As tentativas contínuas de Satanás em trabalhar no nosso interesse pessoal são tão sutis, que ele pode até parecer estar propagando Cristo se puder fazê-lo de modo a subjugar servos de Deus. Foi em Filipos, cidade para qual essa carta foi dirigida, que um dos seus demônios proclamou publicamente que Paulo era um servo do Deus Altíssimo que apresentava aos homens o caminho da salvação. O que mais Paulo poderia desejar? Ele tinha propaganda gratuita! Bem, o fato é que podemos ter certeza de que um plano sutil do diabo está a caminho quando ele começa a patrocinar o Evangelho e a tornar seus pregadores populares. O apóstolo percebeu isso e, tendo esperado em Deus, repreendeu o demônio, com resultados calamitosos para ele e Silas, pois isto os levou à prisão, com todo o inferno enfurecido contra eles. Paulo, porém, havia sido liberto de uma armadilha satânica, embora estivesse na cadeia. Embora estivesse naquele momento sendo conformado a Cristo numa nova experiência de Sua morte, isto inevitavelmente o levou a ter uma nova experiência do poder da ressurreição de Deus. Ele sobreviveu para escrever aos filipenses de uma prisão em outra cidade, e lhes assegurou mais uma vez que as coisas que lhe aconteceram possibilitaram a expansão do Evangelho.
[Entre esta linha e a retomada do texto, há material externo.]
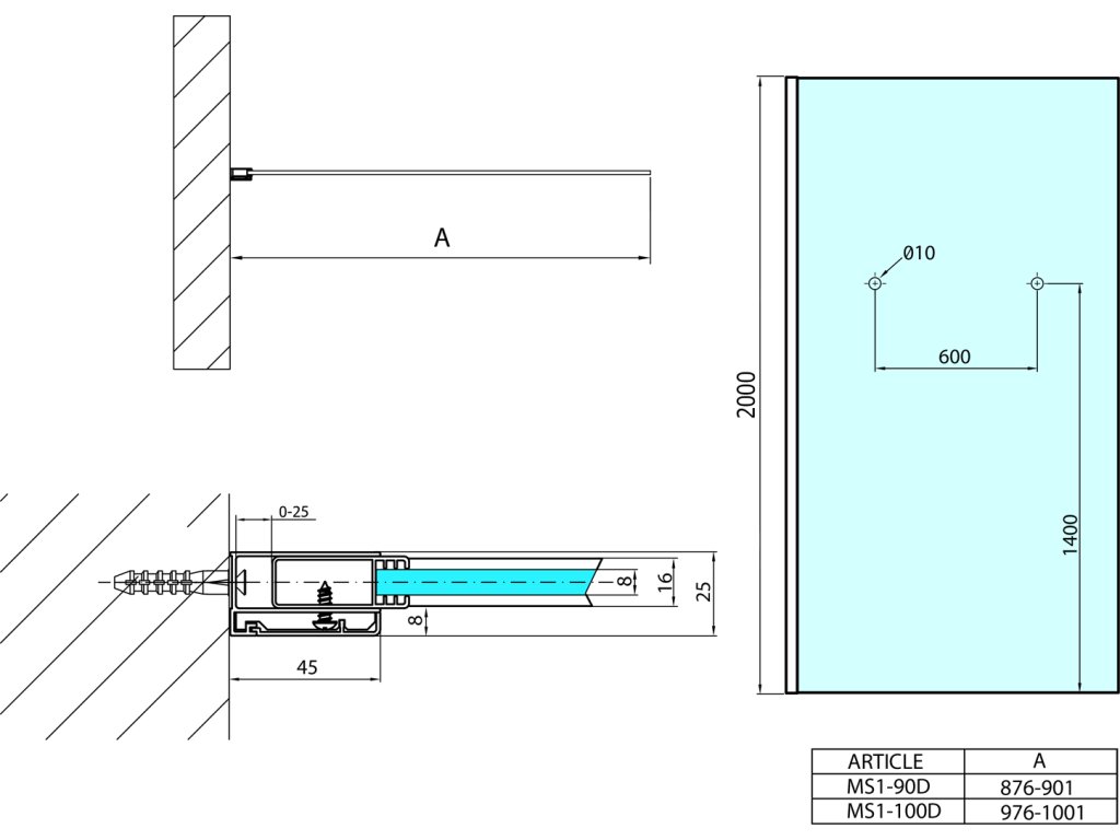 Tento modul není kombinovatelný s žádnou boční stěnou, jedná se o samostatné sklo a stěnový profil s přizpůsobením 25 mm. Sklo se k podlaze zafixuje silikonem.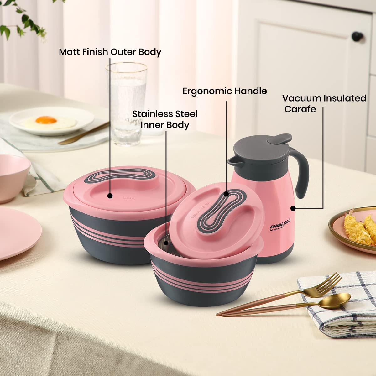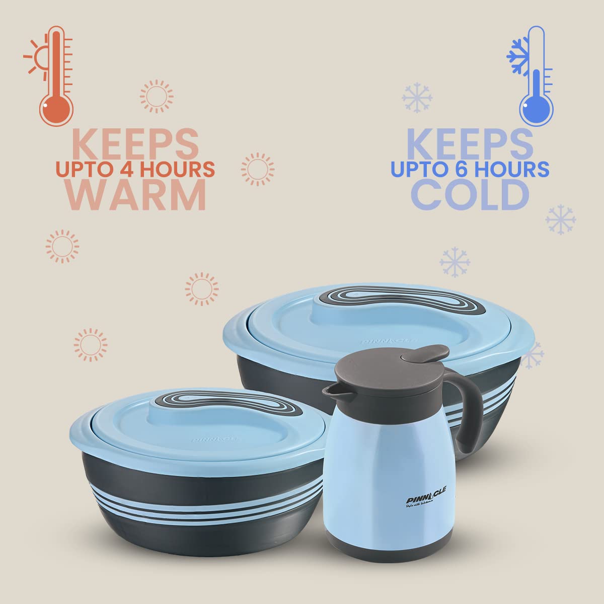 - KEEPS FOOD HYGIENIC & WARM: This Pinnacle casserole set of 3 comes with flask which is made of BPA free and FDA approved material for best health and hygiene. These come with a functional lid and inner stainless steel wall for each casserole and kettle to keep your food hot for a longer period of time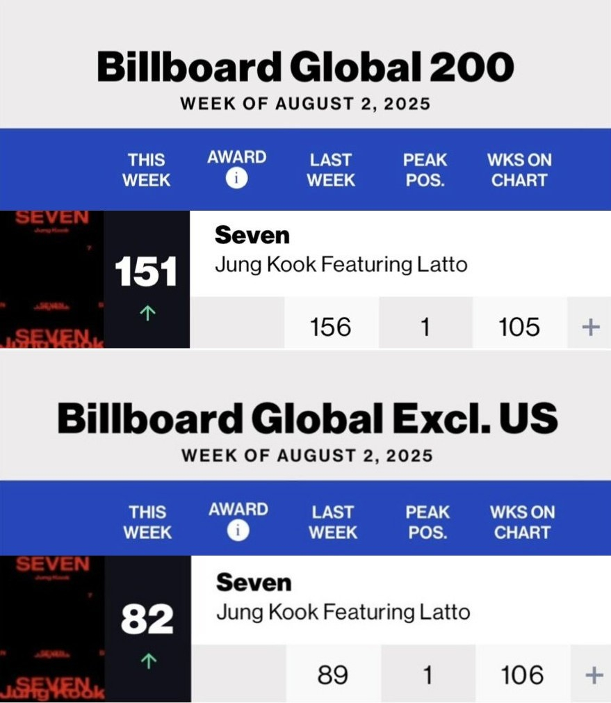 'Seven'은 8월 2일 자 '글로벌(미국 제외)'에서도 82위에 이름을 올리면서 빌보드 주요 두 차트에 차트인하며 글로벌 메가 히트송의 인기 고공 행진을 이어가고 있다.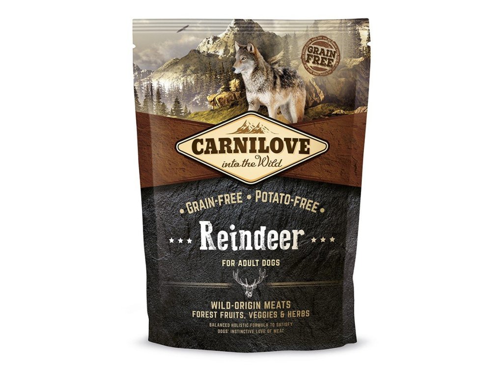 Carnilove Reindeer for AdultCarnilove Adult Reindeer obsahuje 28% masa ze soba a 22% masa z divokého prasete. Vyvážená receptura obsahující jablka, hrách, mrkev a velké množství vitaminů i rostlinných extraktů zajistí psům velkých plemen všechny živiny, které potřebují pro aktivní život. Krmivo neobsahuje obiloviny, brambory, kukuřici, sóju ani rýži, proto jej lze podávat i při alergiích či zjištěné intoleranci vůči určitým složkám stravy.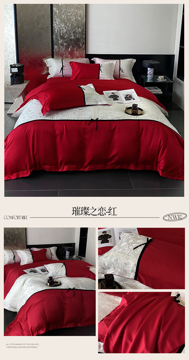 优悦生活馆 2025年新款工艺款冰丝浮雕拼接四件套 璀璨之恋-红
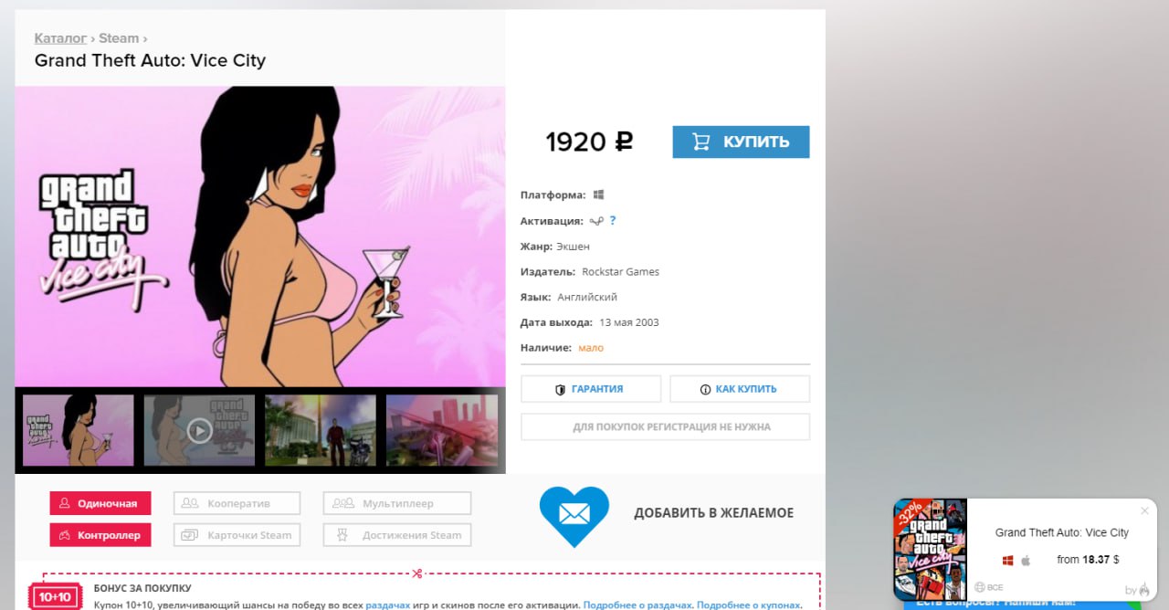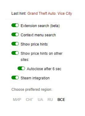 Ну и скриншоты, как это выглядит. Регион цен можно настроить тоже.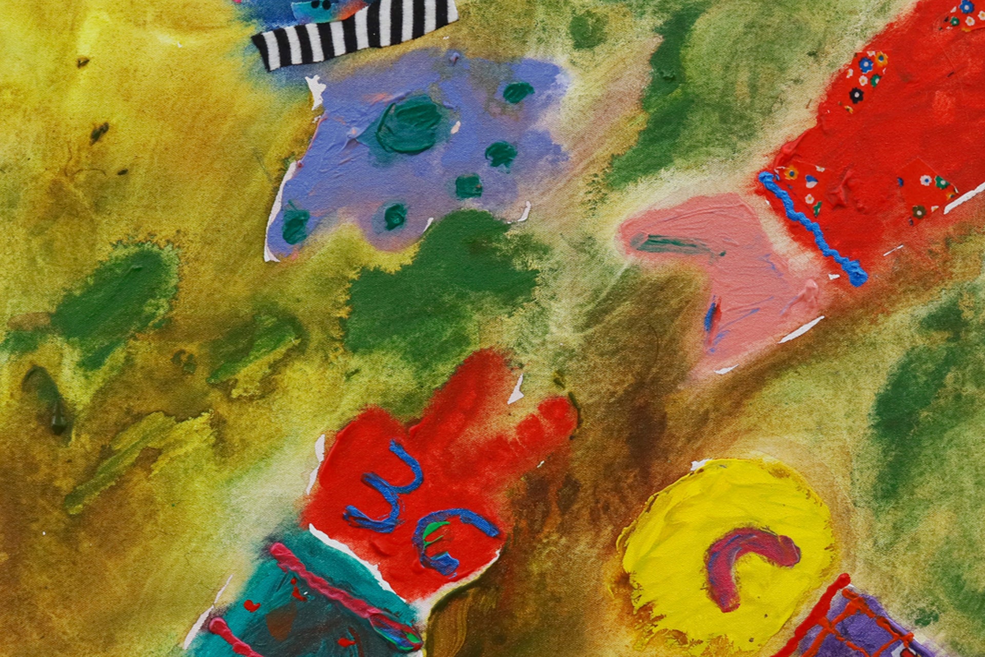 Four furry hands meet in a lively game of rock-paper-scissors. True to Kawai’s practice, the work balances humor and tenderness and the magic in small intimate moments. The glued on cut-out fabric details and irregular textures heighten the sense of spontaneity, as if the work were assembled in the same quick intuitive manner as the game itself.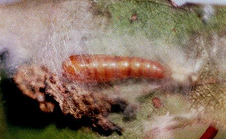 This Caterpillar was fawn with a pair of dark dorso-lateral lines, and a yellow head. It lived between a pair of leaves of its food plant joined by silk. It was found on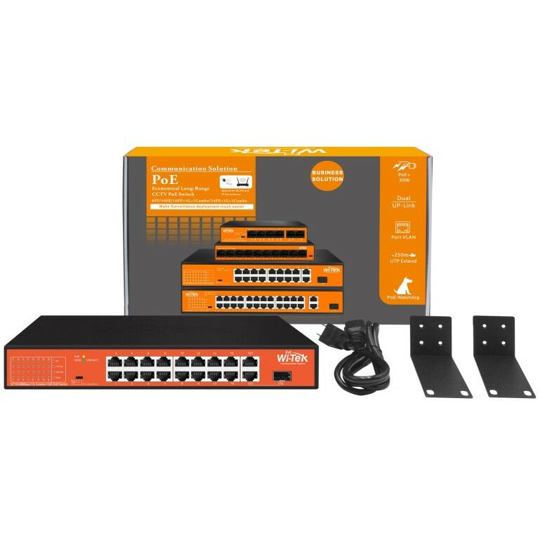 - Коммутатор поддерживает режим работы CCTV, VLAN и функцию Watchdog

Quando idéias, preferências e desejos humanos são colocados à parte, isto pode significar privação no primeiro instante; mas quando os interesses pessoais são mortificados, um novo lugar é dado a Cristo em nossas vidas e estaremos mais e mais próximos de nosso grande prêmio.
Cristo Magnificado
Parece claro que à medida que o apóstolo seguia em direção ao fim da sua vida, mais ardentemente ele buscava o prêmio de ser conformado a Cristo. Creio que é um avanço verdadeiro quando chegamos ao lugar onde podemos viver sem a sedução de sinais visíveis de sucesso ou milagres óbvios, onde podemos ser completamente felizes com o próprio Senhor. O que eu tenho em meu coração é que você e eu venhamos mais e mais para o lugar onde o próprio Senhor Jesus é tudo para nós. Não buscamos conformidade a Ele em si mesma ou para nossa satisfação, mas somente para que Ele possa encontrar alegria ao nos aproximarmos mais dEle. Esta é a marca de crescimento espiritual e maturidade: desejar tão-somente que Cristo seja magnificado e prosseguir resolutamente neste objetivo. “Cristo é o caminho e Cristo é o prêmio.”